**Your task**
What you produce should be the lines from the line containing "疫情阻隔了学生通往选矿厂进行" through the last line below, both ends included, reproduced exactly and without pictures.

___ Given information ___

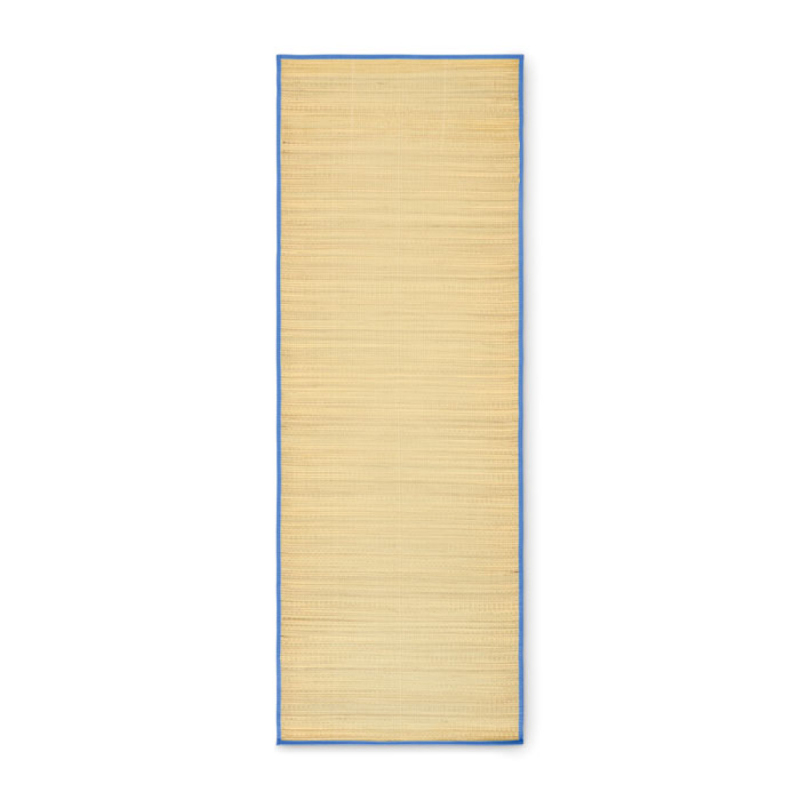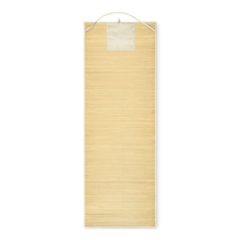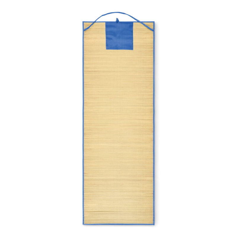 Plážová rohož z přírodní slámy s polyesterovým popruhem na nošení.
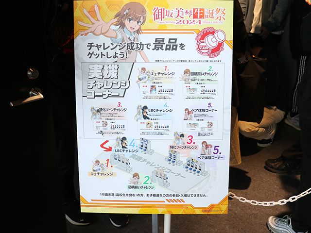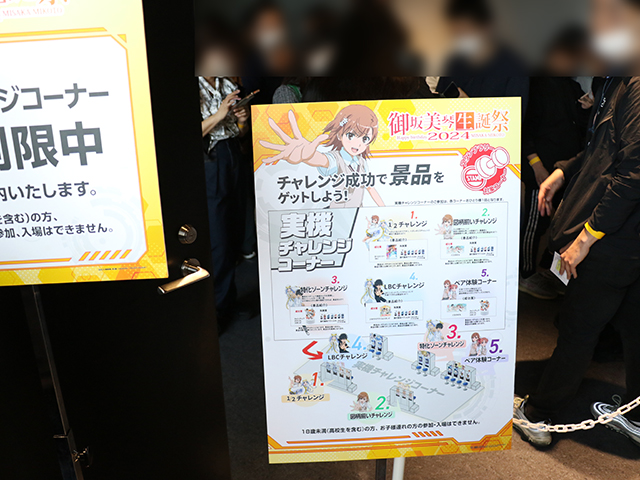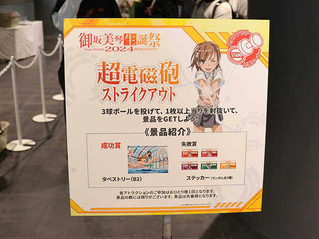 「妹達(シスターズ)のビリビリ棒」「学園都市レーザーミッション」「超電磁砲ストライクアウト」が用意されており、いずれもミッションクリアで特別な景品をゲットできるとあってこちらも長蛇の列が作られていた。
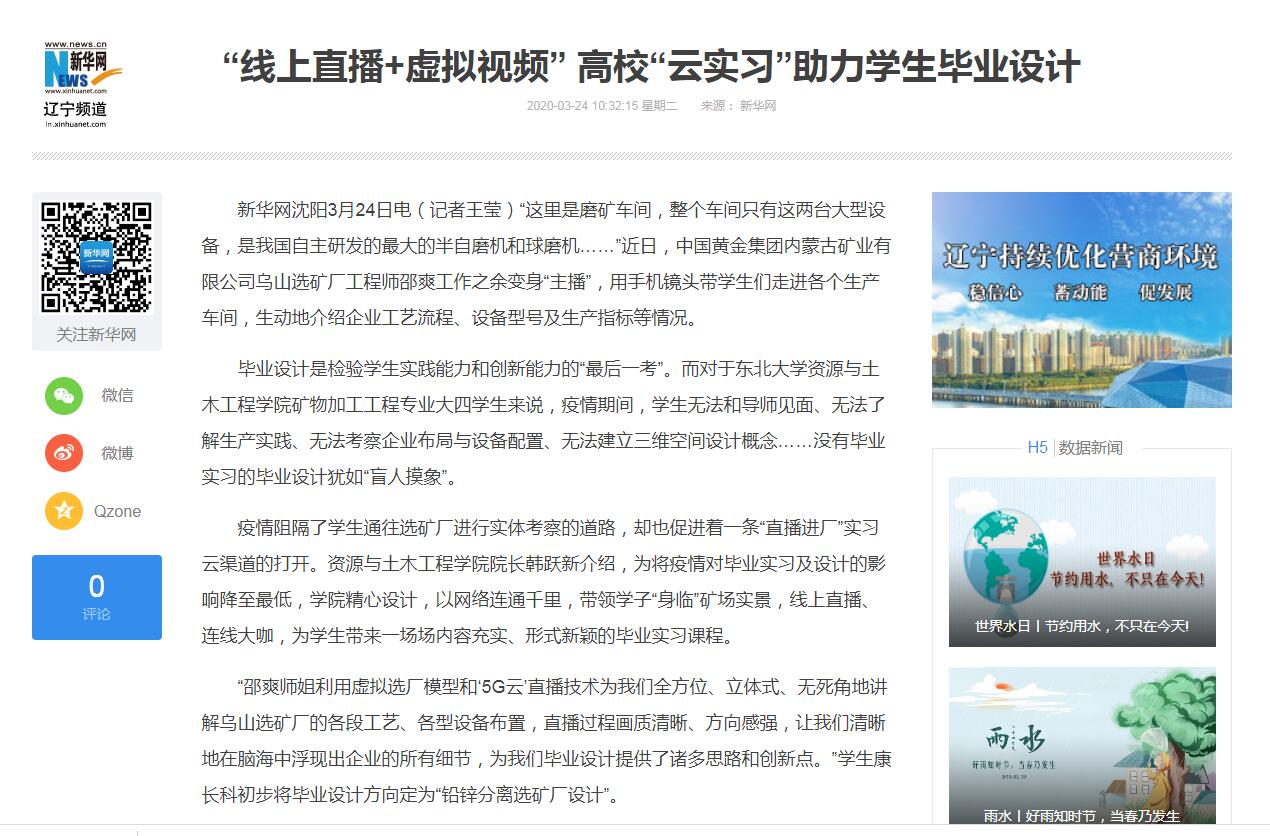 疫情阻隔了学生通往选矿厂进行实体考察的道路,却也促进着一条“直播进厂”实习云渠道的打开。资源与土木工程学院院长韩跃新介绍,为将疫情对毕业实习及设计的影响降至最低,学院精心设计,以网络连通千里,带领学子“身临”矿场实景,线上直播、连线大咖,为学生带来一场场内容充实、形式新颖的毕业实习课程。
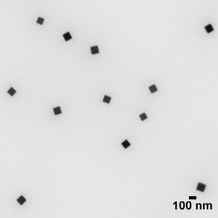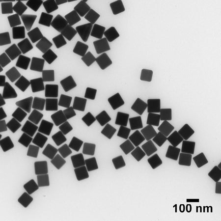 100 nm silver nanocubes combine distinctive anisotropic morphology and unique plasmonic optical properties. These nanoparticles are useful in a broad range of applications from biosensors, sensing, imaging, SERS, metamaterials, and more.

___

**Result**
 疫情阻隔了学生通往选矿厂进行实体考察的道路,却也促进着一条“直播进厂”实习云渠道的打开。资源与土木工程学院院长韩跃新介绍,为将疫情对毕业实习及设计的影响降至最低,学院精心设计,以网络连通千里,带领学子“身临”矿场实景,线上直播、连线大咖,为学生带来一场场内容充实、形式新颖的毕业实习课程。
 100 nm silver nanocubes combine distinctive anisotropic morphology and unique plasmonic optical properties. These nanoparticles are useful in a broad range of applications from biosensors, sensing, imaging, SERS, metamaterials, and more.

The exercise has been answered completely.